3 dni jestes w stanie pojechać  na browarach i grillu.Jak dojdzie flaszeczka to do tego zagrycha.Na 4 dzień ,nie możesz patrzyć na nic i zgaga Cie męczy .5 dzień jesz wszystko i wszystkich ,6 dzień browar ,bez grilla ,za to może być flaszka.
to jak bys jechał z kolegami na wypad.
z kobitka i dzieciakami ,lub z sama kobitka i grzecznymi znajomymi mto:
Konsrerwy ,słoiczki ,chlebek ,dużo picia --wody ..i co jakis czas wizyta w sklepie ..
[2012-02-20 21:36]

JKarp

Problem w tym ze najprawdopodobniej będę sam nad wodą a sprzetu nie zostawie bez opieki. Zadałem takie pytanie na forum właśnie dlatego. Na jedną nocke doskonale wiem co ze sobą zabrać do picia i do jedzenia. Pieczywo też nie jest problemem bo może być tostowy badź razowy który spokojnie bedzie świeży jak rozpakuje po 5 dniach. Piwo ciepłe też nie bedzie bo woda w kwietniu nie jest jeszcze gorąca i spokojnie można wrzucić piwa do siatki i do wody. Pomijam już fakt że czasem w kwietniu jeszcze pada śnieg i też nie jest w nocy najcieplej tak wiec w nocy mam lodówkę wszedzie a za dnia wystarczy zacienione miejsce na ziemi która po zimie nie jest jeszcze nagrzana. Pytam wiec jeszcze raz na jakie niespodzianki moge trafić po np 3 dniach?

CześćMożesz trafić na przeraźliwe zimno :-0Piecyka gazowy do podgrzania się w namiocie. Dobre ubrania termo, kurtki, polary, buty, łóżko, śpiwór, czapka polarowa na noc.Jedzenie przetrzymać to pikuś w porównaniu do tego żeby nie zmarznąć.Białe kiełbaski i barszcz biały z jajeczkiem :-)JK [2012-02-20 21:36]

zbynio5o

Pytasz jakie niespodzianki po trzech dniach ?  Coś zacznie nieprzyjemnie śmierdzieć :)

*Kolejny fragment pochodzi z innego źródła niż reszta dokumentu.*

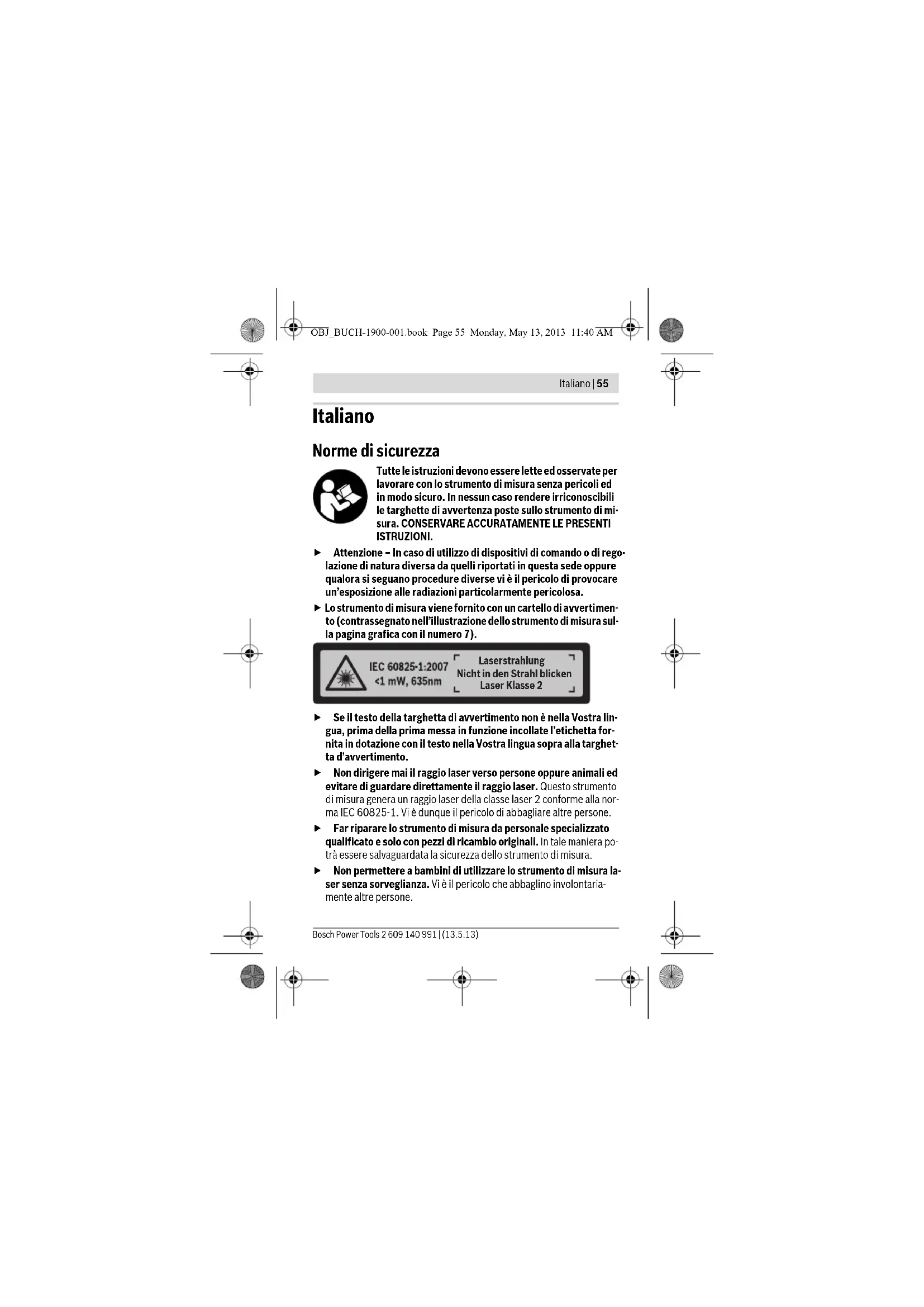 Peso in funzione della EPTA-Procedure 01/2003 0,1 kg Misure 100x36x23mm A) La portata aumenterà quanto migliore sarà il riflesso del raggio laser dalla superficie dell’obiettivo (in dispersione, non in rispecchiamento) e quanto più luminoso sarà il punto laser rispetto alla luminosità ambiente (ambienti interni, semibuio). In condizio- ni sfavorevoli, quali ades. illuminazione interna molto intensa o superfici fortemente riflettenti, il campo di misurazione potrà risultare limitato. B) In condizioni sfavorevoli, quali ades. illuminazione interna molto intensa, superfici fortemente riflettenti o temperatura ambiente molto diversa da 25 ° C, lo scostamento massimo potrà essere di ±7 mm su 15 m. In condizioni favorevoli è prevedibile un in- flusso di ±0,05 mm/m. Per un’inequivocabile identificazione del Vostro strumento di misura fate riferimento al numero di serie 6 riportato sulla targhetta di costruzione. OBJ_BUCH-1900-001.book Page 57 Monday, May 13, 2013 11:40 AM58 | Italiano 2 609 140 991 | (13.5.13) Bosch Power Tools Montaggio Applicazione/sostituzione delle batterie Per il funzionamento dello strumento di misura si consiglia l’impiego dei batterie alcaline al manganese. Per aprire il coperchio del vano batteria 4, spingere sul fissaggio 5 nella direzione della freccia e prelevare il coperchio del vano batteria. Introdur- re le batterie. Durante tale fase, prestare attenzione alla corretta polarità, riportata sul lato interno del vano batteria. Quando sul display verrà visualizzato il simbolo della batteria, si di- sporrà ancora di circa 15 minuti per effettuare misurazioni. Quando il sim- bolo della batteria lampeggerà, le batterie andranno sostituite e non sarà più possibile effettuare misurazioni. Sostituire sempre tutte le batterie contemporaneamente. Utilizzare esclusivamente batterie dello stesso produttore e con la stessa capacità. In caso di non utilizzo per periodi di tempo molto lunghi, estrarre le batterie dallo strumento di misura. In caso di periodi di deposito molto lunghi, le batterie possono subire corrosioni oppure e si possono scaricare. Uso Messa in funzione Non lasciare mai lo strumento di misura senza custodia quando è acceso ed avere cura di spegnere lo strumento di misura subito do- po l’utilizzo. Vi è il pericolo che altre persone potrebbero essere abba- gliate dal raggio laser. Proteggere lo strumento di misura da liquidi e dall’esposizione di- retta ai raggi solari. Non esporre mai lo strumento di misura a temperature oppure a sbalzi di temperatura estremi. P.es. non lasciarlo per lungo tempo in macchina. In caso di elevati sbalzi di temperatura lasciare adattare alla temperatura ambientale lo strumento di misura prima di metterlo in funzione. Temperature oppure sbalzi di temperatura estremi possono pregiudicare la precisione dello strumento di misura. OBJ_BUCH-1900-001.book Page 58 Monday, May 13, 2013 11:40 AMItaliano | 59 Bosch Power Tools 2 609 140 991 | (13.5.13) Evitare di urtare violentemente o di far cadere lo strumento di mi- sura. A seguito di forti influssi esterni sullo strumento di misura, effet- tuare sempre un controllo prima di proseguire il lavoro (vedere «Con- trollo dello strumento di misura», pagina 62). Accensione/spegnimento Per accendere lo strumento di misura, far scorrere l’interruttore di avvio/ arresto 1 all’indietro. All’accensione dello strumento di misura verrà atti- vato il raggio laser. Sul display lampeggerà l’indicazione LASER. Per spegnere lo strumento di misura, far scorrere l’interruttore di avvio/ arresto 1 in avanti. Operazione di misura Una volta acceso lo strumento di misura, verrà effettuata una misurazione continua. Puntare con il raggio laser la superficie obiettivo. Il valore di mi- surazione attuale g verrà visualizzato nella riga in basso del display (vede- re immagine A). Durante la misurazione continua lo strumento di misura potrà essere spostato rispetto all’obiettivo; in tale caso, il valore di misu- razione attuale g verrà aggiornato ogni circa 0,5 secondi, nella riga in bas- so del display (vedere immagine B). Potrete, ad esempio, allontanarvi da una parete fino alla distanza desiderata: la distanza attuale resterà sem- pre leggibile. Sul display lampeggerà l’indicazione LASER. Il punto di partenza della misura è il lato posteriore dello strumento di mi- sura. Per una misurazione da parete a parete, ad esempio, sistemare lo stru- mento di misura con il lato posteriore sulla parete di partenza. Non dirigere mai il raggio laser su persone oppure su animali ed evitare di guardare direttamente il raggio laser anche da distanze maggiori. Funzione «HOLD» (vedere immagine B) Premere il tasto «HOLD» 2 per arrestare la mi- surazione. Il raggio laser verrà disattivato e sul display comparirà l’indicazione HOLD. Il valore di misurazione attuale verrà ancora visualizza- to nella riga in basso del display, ma non verrà più aggiornato in modo continuo. OBJ_BUCH-1900-001.book Page 59 Monday, May 13, 2013 11:40 AM60 | Italiano 2 609 140 991 | (13.5.13) Bosch Power Tools Premere nuovamente il tasto «HOLD» 2 per ri- attivare il laser. Sul display lampeggerà l’indi- cazione LASER. Nella riga in alto verrà visualiz- zato il valore di misurazione precedente. Nella riga in basso verrà visualizzato il valore aggior- nato in modo continuo/il valore attuale. Premere nuovamente il tasto «HOLD» 2 per ar- restare un’altra volta la misurazione. Il raggio laser verrà disattivato e sul display comparirà l’indicazione HOLD. Nella riga in alto verrà vi- sualizzato il valore di misurazione precedente. Nella riga in basso del display verrà visualizza- to il valore di misurazione attuale, ma esso non verrà più aggiornato in modo continuo. Se per ca. 5 min non viene premuto alcun tasto sullo strumento di misura, lo stesso si spegne automaticamente per proteggere le batterie. Se un valore di misurazione è stato memorizzato con la funzione «HOLD», in caso di
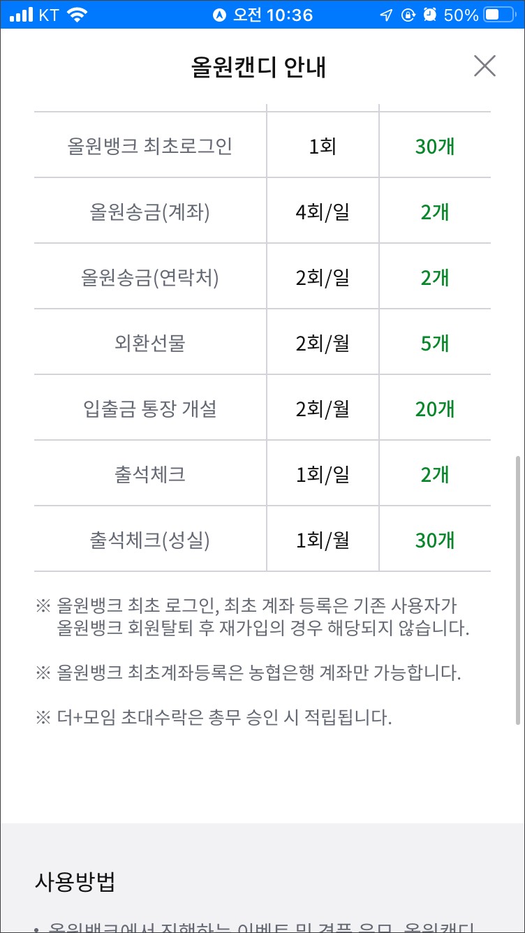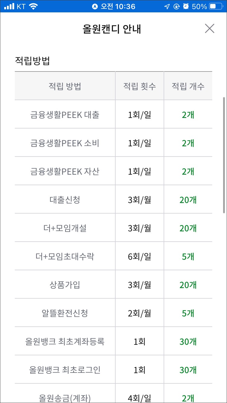 그동안 잘 몰랐던 올원뱅크의 올원캔디에 대하여 알아보았습니다.
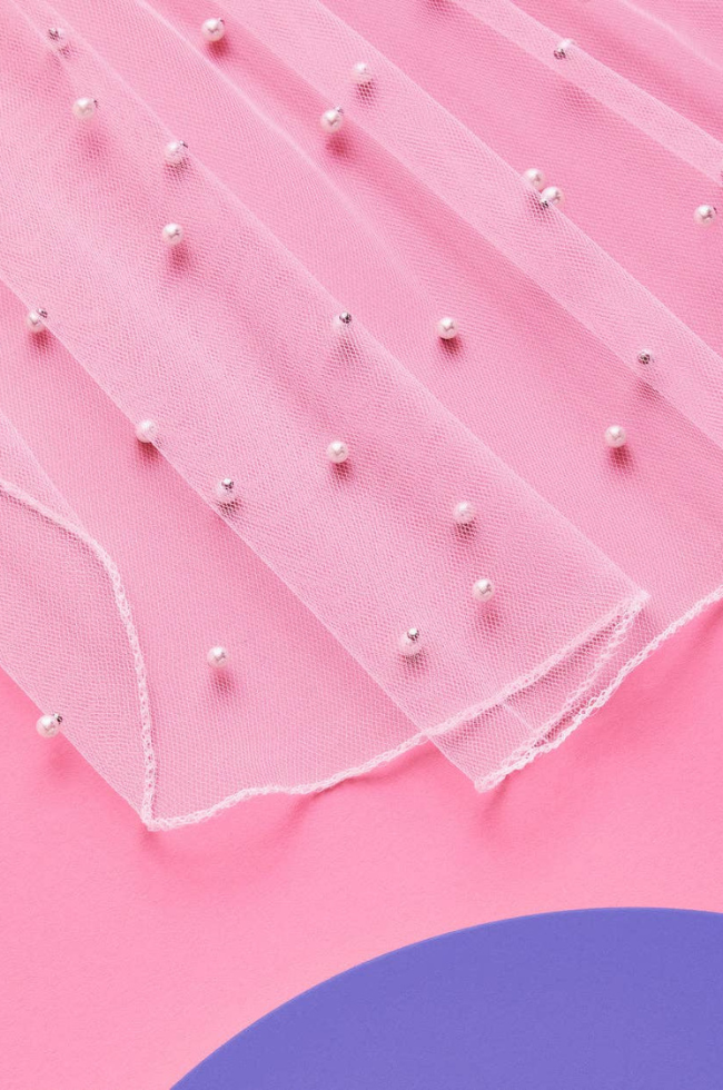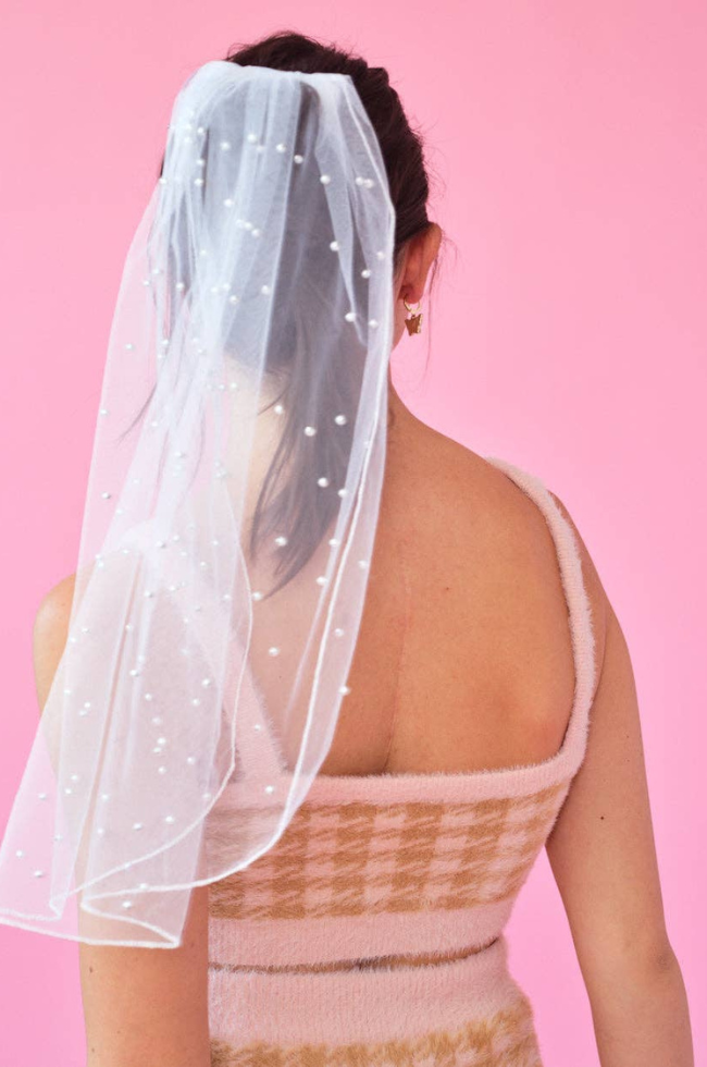 Pearls on a veil? Groundbreaking. Channel your inner Audrey Hepburn with this vintage inspired veil. Perfect for brunch, bridal showers and of course bachelorettes - she really does it all! Pearl dotted veil 22” from top to bottom.
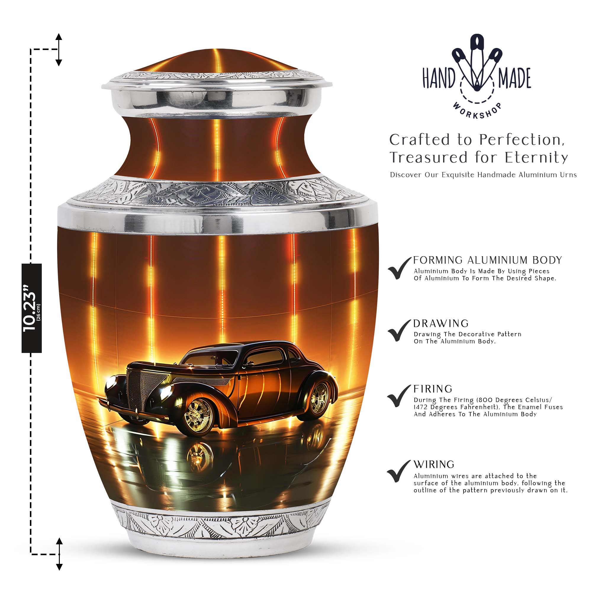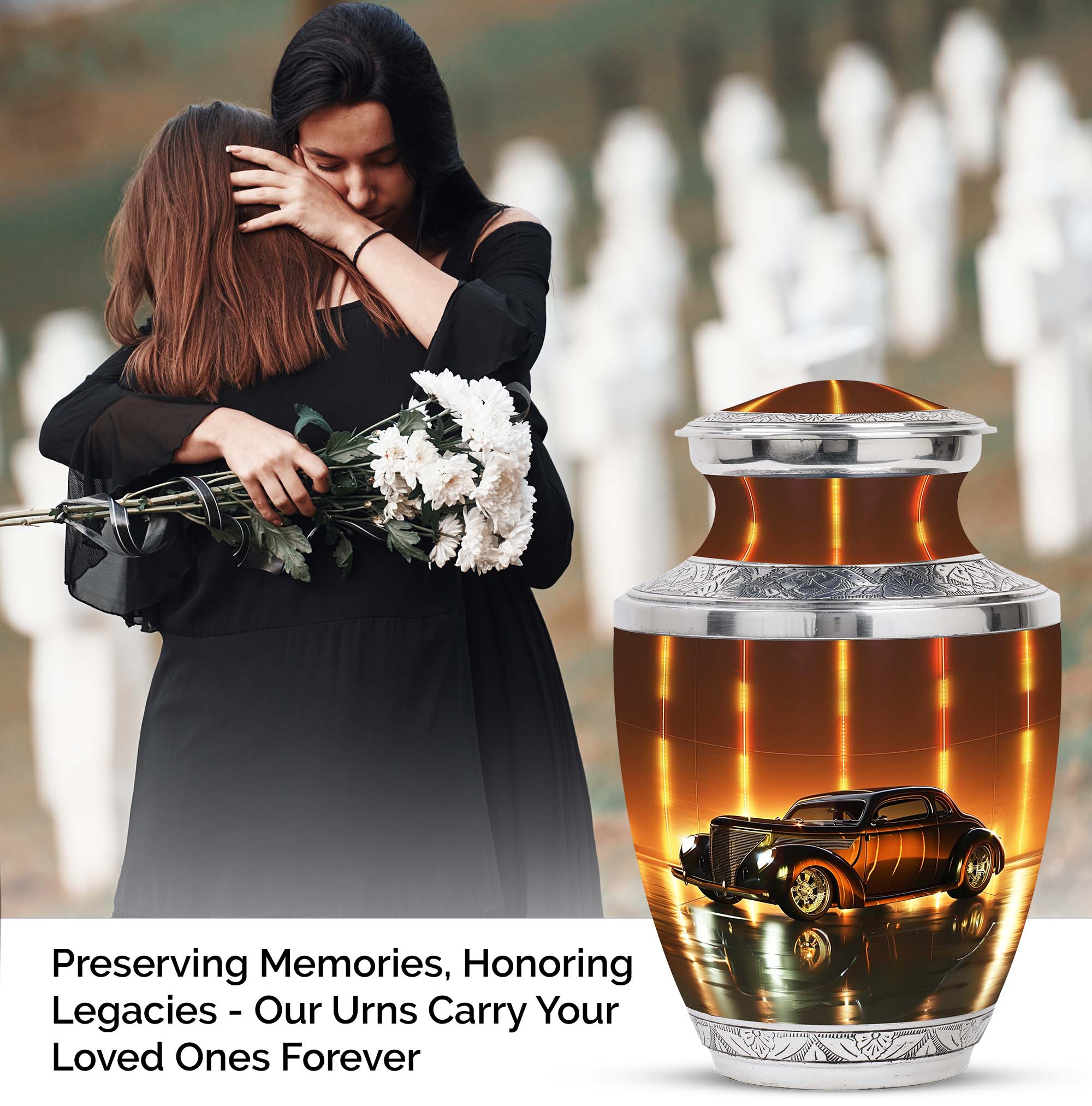Rediscover the soothing solace of honoring loved ones with our distinctive 'Vintage Shine Heritage Car', a burial urn meticulously designed for preserving human ashes. Steeped in tradition, yet accentuated with a modern touch, this unique vessel becomes a cherished memorial to celebrate and remember the life journey of your dearly departed. This cremation urn presents a perfect blend of strength and elegance, ideal for adults and particularly appealing to men. Delicately crafted, it stands as a tangible symbol of enduring sanctity and respect for human remains. Our Vintage Shine Heritage Car is more than an urn for adult human ashes, it is a commemoration of individuality and a testimony to life lived. Step into this extraordinary legacy journey, and let your loved ones remain illuminated in your memories forever. Remember, love is eternal, and so are the memories sealed within our urns.

Prawdopodobnie wcześniej złowiona ryba. Proponuje słoiki i od razu do octu. Przynajmniej nie będziesz sie nudził. Robinson sobie poradził tyle lat, Ty też przeżyjesz te 6 dni.:))

[2012-02-20 23:05]

szczepcio

Proponuję na tak długą wyprawę produkty które mają długi termin przydatności do spożycia i to w wyższych temp >30st.Więc ja zabrałbym dużo wody pitnej w baniaczkach 5l i mineralnej też,zrobiłbym domowy smalczyk z cebulką i kiełbaską,zabrałbym jajka,kiełbaskę na grilla ale zużyć jak najwcześniej,no i olej do smażenia pewnie jakaś rybka się trafi.Z warzywek pomidorki i ogóreczki,jakieś serki topione i jakieś zupki w proszku do gotowania.Alkohol też proponuję zabrać bo jak się trochę strujesz to ze 2 dni jadł nie będziesz.
Życzę miłej wyprawy.
[2012-02-21 00:27]

Siemasy,
 Nie bierz konserw ani innych takich wynalazkow bo dostaniesz rozstroju zoladka. niech kobieta w domu zawekuje ci sosy itp. i wez makaron. gotuj sobie makaron lub ryz i odgrzewaj sosy. przeszedlem juz  przez okres konserw i sosow kupnych = masaakra.
[2012-02-22 09:07]

myszy. zamykaj szczelnie jedzenie.
[2012-02-22 09:08]

Daniec

Witaj

6 dni w kwietniu nie stanowi problemu zaopatrzeniowego. Możesz wziąć prawie wszystko - oczywiści zgodnie z rozsądkiem.

Nawet wędliny, byle suche wędzone, albo zalane smalcem i zawekowane - idealny jest boczek wędzony - nawet latem się nie psuje. Wędlin nie kupuj w biedronkach i innych lidlach tylko w dobrych sklepach gdzie mają dobre produkty.

Ponadto jajka dobrze się przechowują - jeśli wcześniej nie trzymałeś ich w lodówce.

Makarony, kasze, ryż, płatki, musli itp.

Mleko pasteryzowane w kartonach wytrzymuje na wet 2 tyg. - oczywiście w cieniu nawet latem (dłużej nie siedziałem nad wodą).

Woda w bańkach  - policz ile przeciętnie pijesz, ale weź też pod uwagę inne napoje:)

Butelka mocnego alkoholu - nie żartuję - idealny na ew. niestrawności. Jak tylko poczujesz, delikatne mdłości, albo inne objawy - walnij setę i powinno być ok. Oczywiście nie namawiam do totalnej dezynfekcji, ale sposób sprawdzony i skuteczny.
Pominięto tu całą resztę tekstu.